Exactly the lines from the one containing "या चित्रात ३" through the final line of the data below, with pictures omitted, make up the answer.

Segment Start: Supplied material

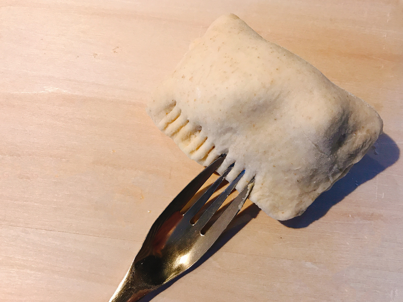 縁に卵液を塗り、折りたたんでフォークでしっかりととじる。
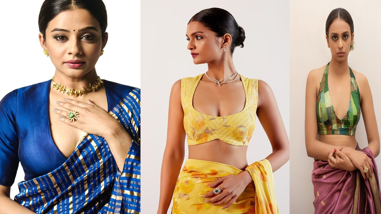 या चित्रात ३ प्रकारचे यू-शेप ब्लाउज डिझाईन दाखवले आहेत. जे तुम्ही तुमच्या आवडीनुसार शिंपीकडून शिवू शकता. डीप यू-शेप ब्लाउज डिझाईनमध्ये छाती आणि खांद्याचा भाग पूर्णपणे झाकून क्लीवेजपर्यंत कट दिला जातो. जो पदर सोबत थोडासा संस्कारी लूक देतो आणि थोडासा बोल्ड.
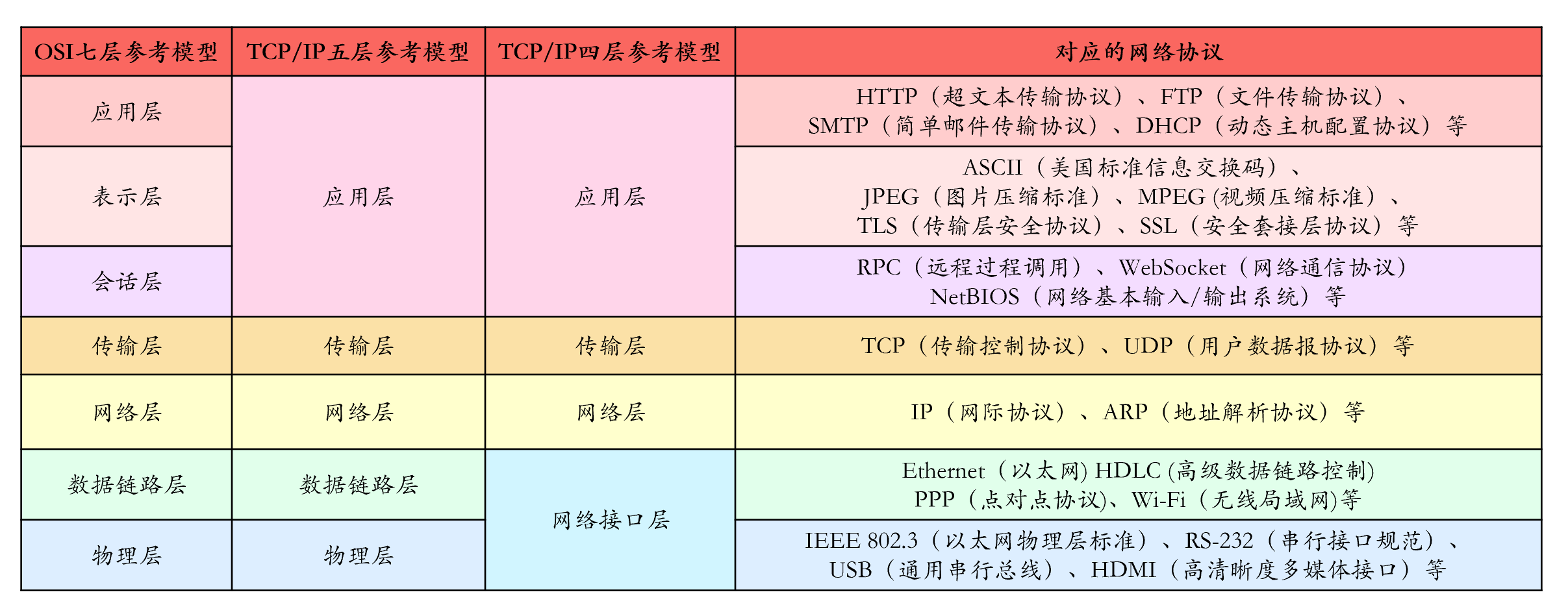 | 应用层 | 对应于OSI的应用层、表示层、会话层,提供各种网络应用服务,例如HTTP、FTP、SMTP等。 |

Segment End: Supplied material

_Response below_
 या चित्रात ३ प्रकारचे यू-शेप ब्लाउज डिझाईन दाखवले आहेत. जे तुम्ही तुमच्या आवडीनुसार शिंपीकडून शिवू शकता. डीप यू-शेप ब्लाउज डिझाईनमध्ये छाती आणि खांद्याचा भाग पूर्णपणे झाकून क्लीवेजपर्यंत कट दिला जातो. जो पदर सोबत थोडासा संस्कारी लूक देतो आणि थोडासा बोल्ड.
 | 应用层 | 对应于OSI的应用层、表示层、会话层,提供各种网络应用服务,例如HTTP、FTP、SMTP等。 |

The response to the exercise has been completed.